Twenty-eight-year-old Devon spends his days doing very little. He wakens late and helps himself to breakfast from the variety of foods purchased by his parents.
help kids leave home
Parents can prepare their children to leave home when grown up by teaching them basic skills while they are young.

Twenty-eight-year-old Devon spends his days doing very little.

He wakens late and helps himself to breakfast from the variety of foods purchased by his parents. When he finally decides to get dressed he just has to choose from all the nicely cleaned and ironed clothing waiting in his closet. Then he pops open a beer and watches TV until his parents come home and prepare his dinner. After dinner, he borrows one of his parents' cars and heads off to party with his friends.

Devon's parents are not very happy about this state of affairs and complain to all their friends.

With Devon they drop hints. They bookmark career pages, job listings and educational opportunity pages on his computer. They ask him about his plans. They suggest jobs, school or at the very least moving out. He just ignores them These are typically the same parents who 15 years ago were happily doing everything for him. When I ask parents why they are not teaching their children the skills they will need to be independent, they tell me that it's just easier and faster to do it for them.

When I ask them if they have talked about the future with their kids, they tell me that they hope their child stays home forever. They love having him with them and can't imagine him leaving. Ever.

Children tend to meet and often exceed our expectations, and that includes low expectations as well as high ones. Parents who are not facing the fact that it is their job to help their kids be ready to leave home, to handle chores such as doing laundry, cooking and cleaning as well as earning a living, budgeting, and paying bills are simply not doing their job. When we give our kids the message that we want them to stay home, that we like doing everything for them, most are willing to comply.

And much as we think that asking them to learn how to fend for themselves is too much work, it is as important as encouraging them to take their first steps, speak their first words and read.

When I was writing my book But Nobody Told Me I'd Ever Have to Leave Home: From Toddlers to Teens, How Parents Can Raise Children to Become Capable Adults our two children and our daughter-in-law were busy renovating a house. In order to afford their first piece of real estate, they determined they needed to share. So they bought a house jointly and created two lovely suites.

They were clearly grown up and independent as well as responsible. But that didn't mean that they were gone. They simply didn't live in our home any more but we are still connected. They are and will always be our children.

In that book I decided to make a list of the basic skills kids need before they leave home. Then I passed it on to the kids. They added a few more and allowed that they couldn't do everything when they first left home (for university in their case) but were confident in their ability to learn whatever they would need.
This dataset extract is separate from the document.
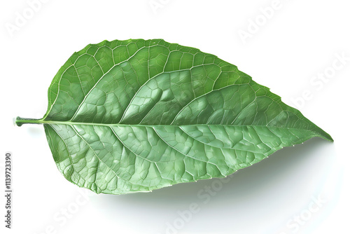 Textured sunflower leaf with green veins and realistic surface isolated on white background
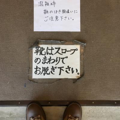 入口狭くて奥に長い駐車スペースは既にいっぱい~名前記入で順番待ち。

How does that happen? It starts when they're toddlers. You let them pull on their pants. You hold the sweater while they struggle to put their arms in the sleeves.

It's a process and an important one. Each year they can do more for themselves and more to help with the running of the house. When we involve our children in all aspects of daily living we are preparing them to become capable adults and we are doing our job.

When we raise children, we are enjoined to give them roots and wings. I imagine most of us at some time have seen a poster with this message, and we believe it. Giving them roots is doing the day-to-day job of parenting. We set limits, determine consequences for misbehaviour, encourage them, have them take responsibility for decisions and love them. We also enjoy them and have fun.

But we also have to give them wings. We must prepare them to fly off on their own, to make their own way. If we have been preparing them for this step throughout their entire childhood we will know they are ready.

Sure, we'll miss them. But if we have a healthy relationship, they will visit often. And that's what is supposed to happen once they are out of high school and out of their teens.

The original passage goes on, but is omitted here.